In 2008, ABF signed up to the UK Government's commitment’s to three packaging targets in the UK:
- to design out packaging waste growth by 2008;
- to deliver absolute reductions in packaging waste by 2010; and
- to help reduce the amount of food the nation’s householders throw away by 155,000 tonnes by 2010, against a 2008 baseline.
In September 2010 the first and third of these UK national targets had been achieved with the total packaging remaining constant rather than showing absolute reduction. The group is pleased to have contributed to this achievement.
Projects to reduce packaging achieved the following:
- Silver Spoon Golden Syrup – moving from a glass jar weighing 236g to a recycled plastic container weighing 35g, a weight saving of 85%, and a carbon saving of 59%. When savings in secondary packaging and transport are included we estimate that this saves 100 tonnes of carbon dioxide for each million units sold.
- Patak’s – reducing the weight of glass jars from 225g to 198g has saved 500 tonnes of glass and £125,000 of costs per year.
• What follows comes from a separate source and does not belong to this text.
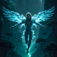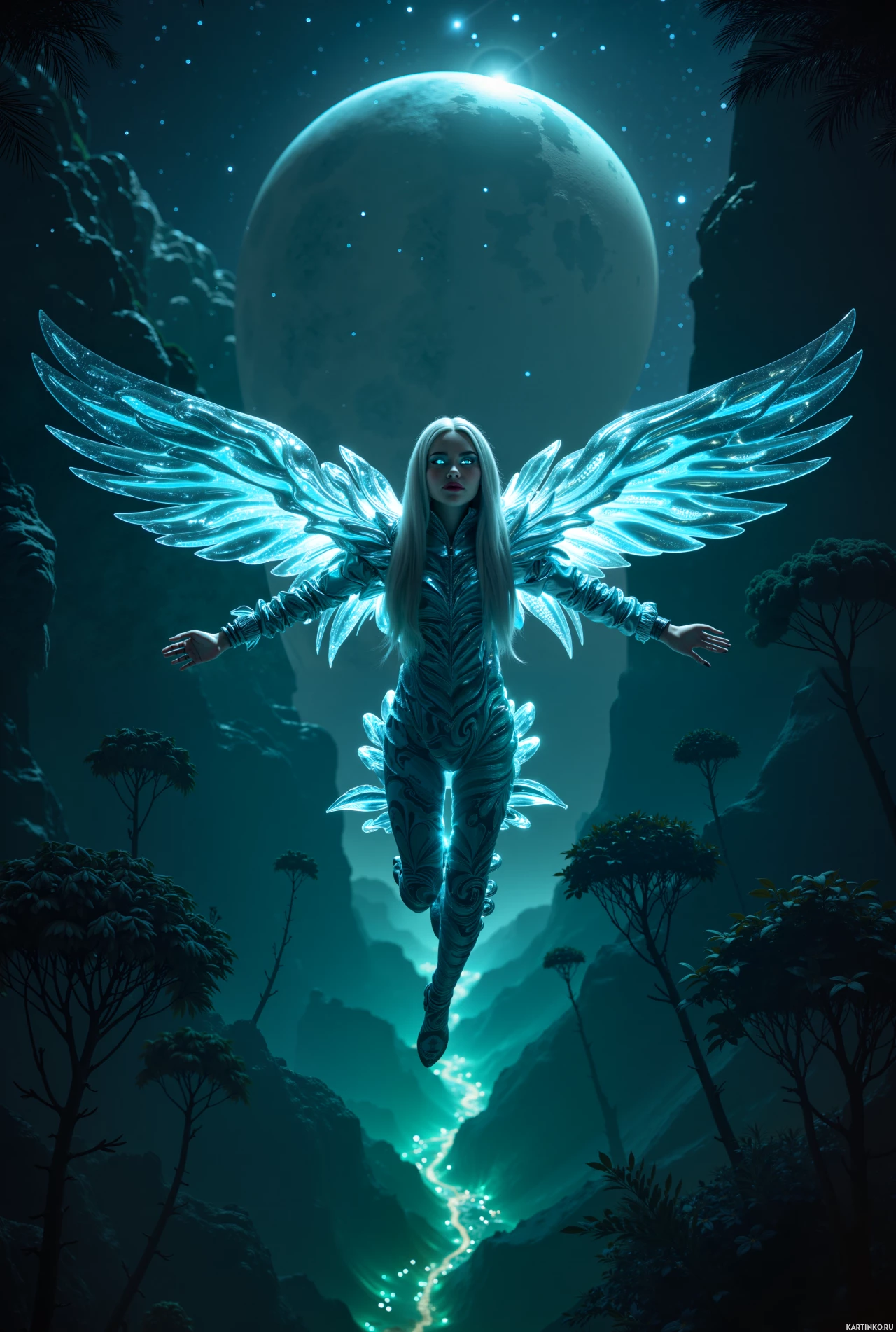 white hair and wings. She is depicted in mid-flight against the backdrop of

We expect further savings by increasing the number of finished goods units per pallet and reducing packaging taxes.
Silver Spoon – over the last eight years we have reduced the weight of the paper used to package our 1kg bags of granulated sugar by 12%, and in 2010 we launched our lightest yet, reducing the packaging by another 6%. In March 2010 Silver Spoon started packaging its sweetener in a resaleable Eco Pouch rather than a glass jar, with a 98% reduction in packaging weight.
In 2010 the government launched a commitment to reduce the carbon impact of packaging by 10%, to reduce household food and drink waste by 4% and to reduce traditional grocery product waste in the grocery supply chain by 5%. We will be contributing to these reductions.